**What you will do:** Starting at the line that contains "就以内蒙古自治区为例,11月", copy every line through the end of the records below exactly as written, leaving out pictures.

**** Given data ****

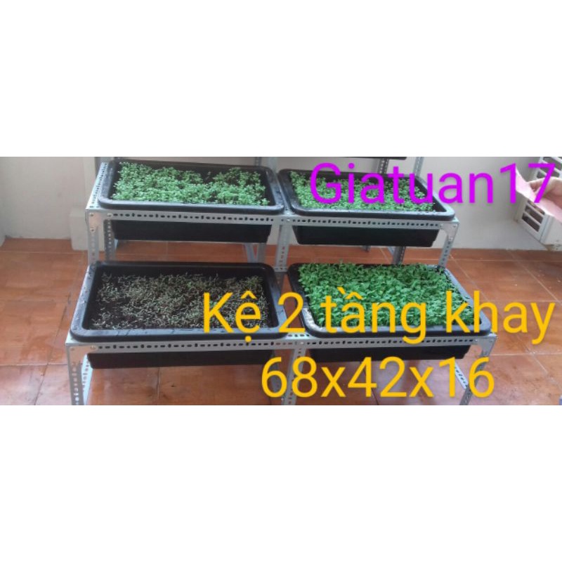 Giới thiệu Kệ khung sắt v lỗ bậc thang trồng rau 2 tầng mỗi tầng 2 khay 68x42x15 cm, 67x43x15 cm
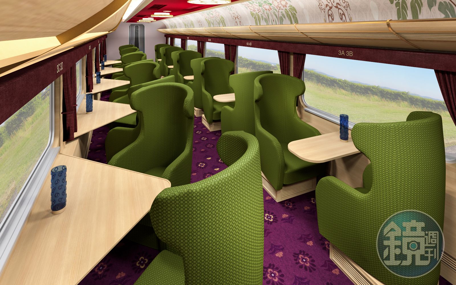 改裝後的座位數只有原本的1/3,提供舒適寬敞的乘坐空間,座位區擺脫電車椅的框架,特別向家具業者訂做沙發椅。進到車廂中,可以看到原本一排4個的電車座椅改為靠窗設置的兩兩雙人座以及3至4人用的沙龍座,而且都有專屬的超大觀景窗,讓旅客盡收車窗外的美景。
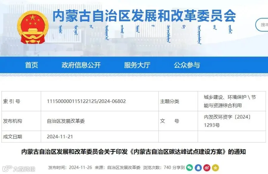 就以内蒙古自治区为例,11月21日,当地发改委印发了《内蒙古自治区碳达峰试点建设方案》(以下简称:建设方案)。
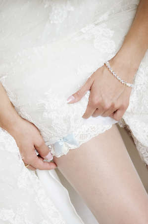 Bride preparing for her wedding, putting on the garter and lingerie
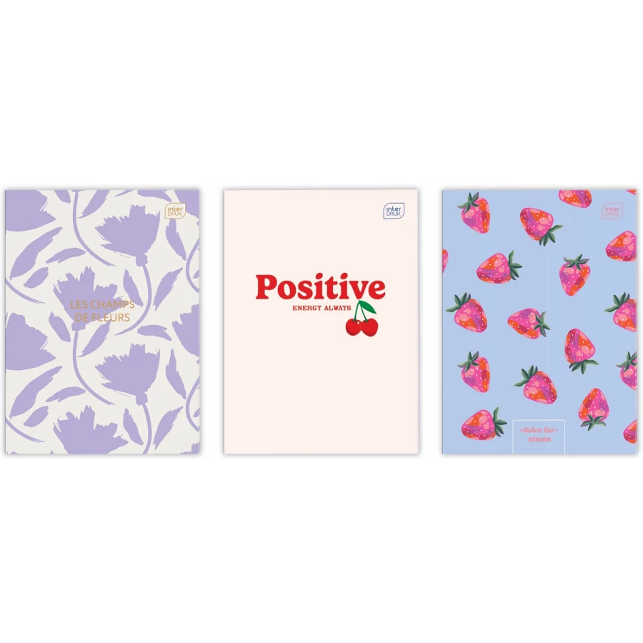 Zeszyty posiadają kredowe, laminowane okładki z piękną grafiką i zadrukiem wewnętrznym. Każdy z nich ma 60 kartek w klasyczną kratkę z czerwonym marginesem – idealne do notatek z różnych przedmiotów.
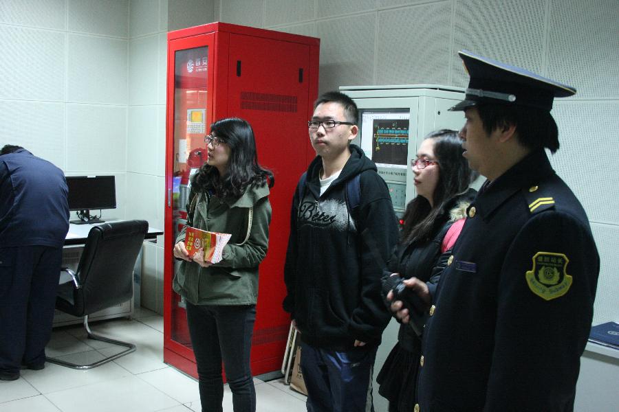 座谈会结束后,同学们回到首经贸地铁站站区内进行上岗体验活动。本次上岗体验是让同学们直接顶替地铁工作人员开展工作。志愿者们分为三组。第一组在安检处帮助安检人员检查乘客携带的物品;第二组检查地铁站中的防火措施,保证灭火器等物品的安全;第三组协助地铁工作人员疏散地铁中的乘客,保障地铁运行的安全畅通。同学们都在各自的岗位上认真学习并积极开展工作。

****

**Solution for this problem:**
 就以内蒙古自治区为例,11月21日,当地发改委印发了《内蒙古自治区碳达峰试点建设方案》(以下简称:建设方案)。
 Bride preparing for her wedding, putting on the garter and lingerie
 Zeszyty posiadają kredowe, laminowane okładki z piękną grafiką i zadrukiem wewnętrznym. Każdy z nich ma 60 kartek w klasyczną kratkę z czerwonym marginesem – idealne do notatek z różnych przedmiotów.
 座谈会结束后,同学们回到首经贸地铁站站区内进行上岗体验活动。本次上岗体验是让同学们直接顶替地铁工作人员开展工作。志愿者们分为三组。第一组在安检处帮助安检人员检查乘客携带的物品;第二组检查地铁站中的防火措施,保证灭火器等物品的安全;第三组协助地铁工作人员疏散地铁中的乘客,保障地铁运行的安全畅通。同学们都在各自的岗位上认真学习并积极开展工作。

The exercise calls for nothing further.